EAST LANSING, Mich. — When Robert L. Green and his wife, Lettie, bought their home in 1964, they became the first Black people to own a home in East Lansing.
"I finished my PhD in November 1962," Green said. "Started looking for housing, couldn’t get a house. No Realtor would touch me. They would give me the run-around. There was a white couple...Jerry Wish...he was a friend of mine. And (he and his wife) would go and look at a house, and they would be offered the home, they would come back and say, 'Bob Green, that house is available go look!' I would show up with my wife, and I would get turned down."

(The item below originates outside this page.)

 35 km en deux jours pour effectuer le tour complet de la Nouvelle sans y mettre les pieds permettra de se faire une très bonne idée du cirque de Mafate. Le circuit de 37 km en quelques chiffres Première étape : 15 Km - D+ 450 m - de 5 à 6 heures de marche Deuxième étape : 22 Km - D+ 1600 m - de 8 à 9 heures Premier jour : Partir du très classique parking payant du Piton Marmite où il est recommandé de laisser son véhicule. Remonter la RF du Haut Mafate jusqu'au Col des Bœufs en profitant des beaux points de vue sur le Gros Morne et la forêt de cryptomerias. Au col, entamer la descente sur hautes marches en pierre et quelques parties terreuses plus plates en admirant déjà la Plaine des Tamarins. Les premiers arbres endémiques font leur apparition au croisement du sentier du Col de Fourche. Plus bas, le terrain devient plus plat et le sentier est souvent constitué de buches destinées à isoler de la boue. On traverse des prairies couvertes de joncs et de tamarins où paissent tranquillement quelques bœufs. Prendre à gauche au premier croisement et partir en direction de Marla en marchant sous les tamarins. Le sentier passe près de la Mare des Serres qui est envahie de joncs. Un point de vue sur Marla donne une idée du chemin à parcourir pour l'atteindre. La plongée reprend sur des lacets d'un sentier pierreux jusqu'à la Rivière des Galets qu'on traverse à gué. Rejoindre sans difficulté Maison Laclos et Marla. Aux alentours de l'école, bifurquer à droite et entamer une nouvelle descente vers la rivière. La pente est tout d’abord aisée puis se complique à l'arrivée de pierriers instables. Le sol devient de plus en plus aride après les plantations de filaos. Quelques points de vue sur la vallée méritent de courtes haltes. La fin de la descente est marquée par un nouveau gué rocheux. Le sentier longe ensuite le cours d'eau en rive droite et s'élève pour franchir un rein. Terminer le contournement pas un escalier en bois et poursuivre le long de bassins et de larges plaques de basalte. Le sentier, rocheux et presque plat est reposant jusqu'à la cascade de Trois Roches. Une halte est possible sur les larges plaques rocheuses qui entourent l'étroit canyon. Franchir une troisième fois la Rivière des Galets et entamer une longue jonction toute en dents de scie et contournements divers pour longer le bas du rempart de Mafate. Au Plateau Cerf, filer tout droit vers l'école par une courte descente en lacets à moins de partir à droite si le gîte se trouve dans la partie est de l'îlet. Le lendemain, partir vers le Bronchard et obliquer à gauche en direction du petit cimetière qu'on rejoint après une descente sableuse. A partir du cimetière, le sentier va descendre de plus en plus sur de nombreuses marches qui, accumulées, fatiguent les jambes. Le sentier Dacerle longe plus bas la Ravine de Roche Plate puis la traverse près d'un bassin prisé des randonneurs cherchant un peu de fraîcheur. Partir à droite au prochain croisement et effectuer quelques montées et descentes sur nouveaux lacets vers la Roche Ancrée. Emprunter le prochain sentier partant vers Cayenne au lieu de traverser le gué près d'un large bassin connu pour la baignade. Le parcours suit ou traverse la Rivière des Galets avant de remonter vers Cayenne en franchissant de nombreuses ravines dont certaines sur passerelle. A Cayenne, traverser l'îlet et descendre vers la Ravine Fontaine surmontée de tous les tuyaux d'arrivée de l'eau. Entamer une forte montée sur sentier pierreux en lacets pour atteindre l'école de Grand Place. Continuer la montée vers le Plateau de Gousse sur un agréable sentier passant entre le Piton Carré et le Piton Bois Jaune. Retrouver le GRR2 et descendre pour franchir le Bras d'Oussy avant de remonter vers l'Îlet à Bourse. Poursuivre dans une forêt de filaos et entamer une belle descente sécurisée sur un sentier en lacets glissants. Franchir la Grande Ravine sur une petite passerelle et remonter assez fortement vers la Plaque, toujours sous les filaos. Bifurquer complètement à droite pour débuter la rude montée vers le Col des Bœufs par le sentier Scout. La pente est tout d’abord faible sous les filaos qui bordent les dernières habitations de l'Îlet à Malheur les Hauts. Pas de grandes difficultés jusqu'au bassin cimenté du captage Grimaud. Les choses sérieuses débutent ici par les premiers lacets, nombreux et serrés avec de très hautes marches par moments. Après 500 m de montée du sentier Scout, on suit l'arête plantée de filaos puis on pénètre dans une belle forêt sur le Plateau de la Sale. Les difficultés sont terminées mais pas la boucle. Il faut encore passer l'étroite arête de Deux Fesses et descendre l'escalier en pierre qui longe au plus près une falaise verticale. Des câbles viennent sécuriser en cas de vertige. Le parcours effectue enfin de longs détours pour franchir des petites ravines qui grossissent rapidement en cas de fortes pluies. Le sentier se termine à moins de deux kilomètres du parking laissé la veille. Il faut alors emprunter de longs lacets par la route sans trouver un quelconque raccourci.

Green was teaching at Michigan State. As a young, tenured Black professor in the School of Education, Black students would come to him when they had problems.
"For example, I remember…Blacks couldn’t get a haircut in the Union building on the campus of Michigan State. So a black athlete was very concerned and came to me about it. He was turned down – he was well-known on campus… So I went to John Hannah, President Hannah. President Hannah got up, took the football player by the hand, three of us went to the Union and John Hanna said, 'Cut his hair.'"
Green was finally able to purchase his home on Bessemaur Drive after asking for help from Gov. George Romney.
"I went in and I sat down. He said, 'What can I do to help you young man?' I said, 'I’m on the faculty and Michigan State and I can’t buy a home.' He told me who to go see, and he wrote a letter to me and it’s in my book...about housing discrimination," Green recalled.
Green’s book is called "At the Crossroads of Fear and Freedom." Fear was a common theme in Green’s life.
"There was obviously a lot of fear in the black community about what whites would do to you, how they would hurt you…and, there were some Blacks who in spite of that kind of fear, who would stand up and be pushy."
People like this mother. His father was more fearful. And, in stories his father told him, Green can see the reasons.
"He said, 'When I was 13 or 14 years of age, my best friend was hung from a tree—he was lynched.' And he said, 'I saw it.' He said, 'I was standing on the edge of the woods with another buddy of mine, we were both 13 or 14 years old, and 35 white men said a prayer, then they hung him from a tree, and I saw him hung and lynched and kicking for his life.' Very calm I said, 'Dad, what did he do? What did he do wrong?' My father said, 'Nothing.'"
Green says he's proud of the new generation of activists working with the Black Lives Matter movement.
"And I always tell them, work aggressively against discrimination, just stay nonviolent. Don’t ever give the public or anyone a reason to come out against you."